Testing strategy

Unit tests

As you've probably noticed, there aren't many. Lots of the interesting behavior in A/B Street - UI interactions, details of the simulation, map importing -- would take lots of infrastructure to specify a setup and expected outcomes. If you have ideas for new tests, contributions always welcome! In the meantime, one useful test covers how OSM tags translate into individual lanes.

Screenshot diffs

Downloading fresh OSM data or modifying any part of the map importing pipeline could easily break things. Expressing invariants about the map output is hard, because importing is far from perfect, and OSM data is often quite buggy. So the approach to preventing regressions here is to look for visual changes to the final rendered map.

  1. When a new map is opted into this type of test, somebody manually squints carefully at it and sanity checks that it works to some degree.
  2. They use the screen capture tool in debug mode to tile the map into 1920x960 chunks and screengrab everything.
  3. Later, somebody regenerates the map with some possible changes.
  4. They grab screenshots again, then use compare_screenshots.sh to quickly look at the visual diff. Changes to intersection geometry, number of lanes, rendering, etc are all easy to spot.
  5. If this manual inspection of the diff is good, they commit the new screenshots as the new goldenfiles.

How do you actually run this test? Open the main sandbox mode (on a release build, unless you're very patient), go to debug mode (Ctrl+D), then hit "screenshot all of the everything" on the right. This will fly through a few maps, tiling them into screen-sized chunks and saving a screenshot for each one. The maps configured for this test are in game/src/debug/mod.rs, near the string "screenshot all of the everything".
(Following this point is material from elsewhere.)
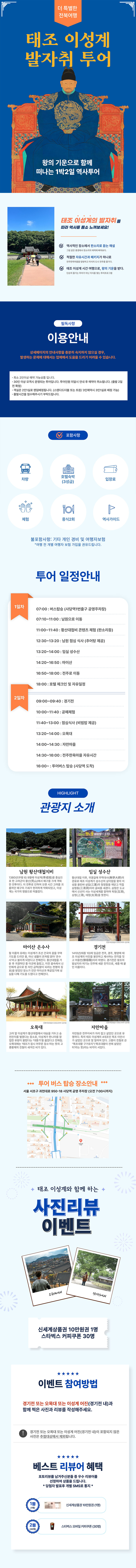[전북 전주한옥마을] 태조 이성계 발자취 1박2일 역사 투어 포함 차량(45인승버스), 가이드, 호텔숙박(3성급), 입장료(마이산,경기전), 체험비, 중식2, 문화콘텐츠 불포함 조식 및 석식, 기타 개인 비용, 개별여행자보험(여행 전 개별 여행자 보험 가입을 권유드립니다) 마이리얼트립에서 예약하기 전주 목록 도시 목록

This process produces a screenshots/ directory. You can then use ./compare_screencaps.sh us phoenix tempe to see if that map's screenshots have changed since the last recorded run of the test. This script assumes you've opted into the input data and run the updater for the appropriate cities. It also assumes the compare command (from ImageMagick) and feh (to view images; you could change the script to something else). Very critically, all the stored screenshots are sized 1920 x 948 (from a 1920 x 1080 monitor, subtracting titlebars and such for my GNOME setup). The diffs won't make sense if the size is different!

After confirming any diffs are intentional, the ./confirm_screencap.sh script replaces the new source-of-truth in data/input/us/phoenix/screenshots/tempe.zip or similar. The updater tool is then used to upload the new data to S3 -- this is a step that currently only Dustin has access to run.

data/regen.sh

This tool regenerates all maps and scenarios from scratch. cargo run --bin updater -- dry-run then reveals what files have changed.

Additionally, this script does a few more tests:

  • --prebake runs the full weekday scenario on two maps that've previously been coerced into being gridlock-free

Integration tests

The tests crate contains some integration tests.

One part runs the full importer against really simple .osm files. To iterate rapidly on interpreting turn restrictions, it produces goldenfiles describing all turns in the tiny map.

The "smoke-test" section simulates one hour on all maps, flushing out bugs with bus spawning, agents hitting odd parts of the map, etc

The "check proposals" section makes sure the edits shipped with the game still load properly.

Old tests

Once upon a time, I made a little test harness that would run the simulation headlessly (without graphics), set up certain situations forcing a car to park in a certain spot, and asserted that different sim/src/events.rs were produced in the right order. The map_editor tool was used to manually draw really simple maps for these situations. I deleted everything, because the effort to specify the input and expected output were too tedious to maintain, and this never really helped catch bugs. There was a way to label roads and buildings in the synthetic maps, so the test code could assert person 2 made it to the "house" building, but even with all of this, it was pretty hard.

This approach is maybe worth reviving, though.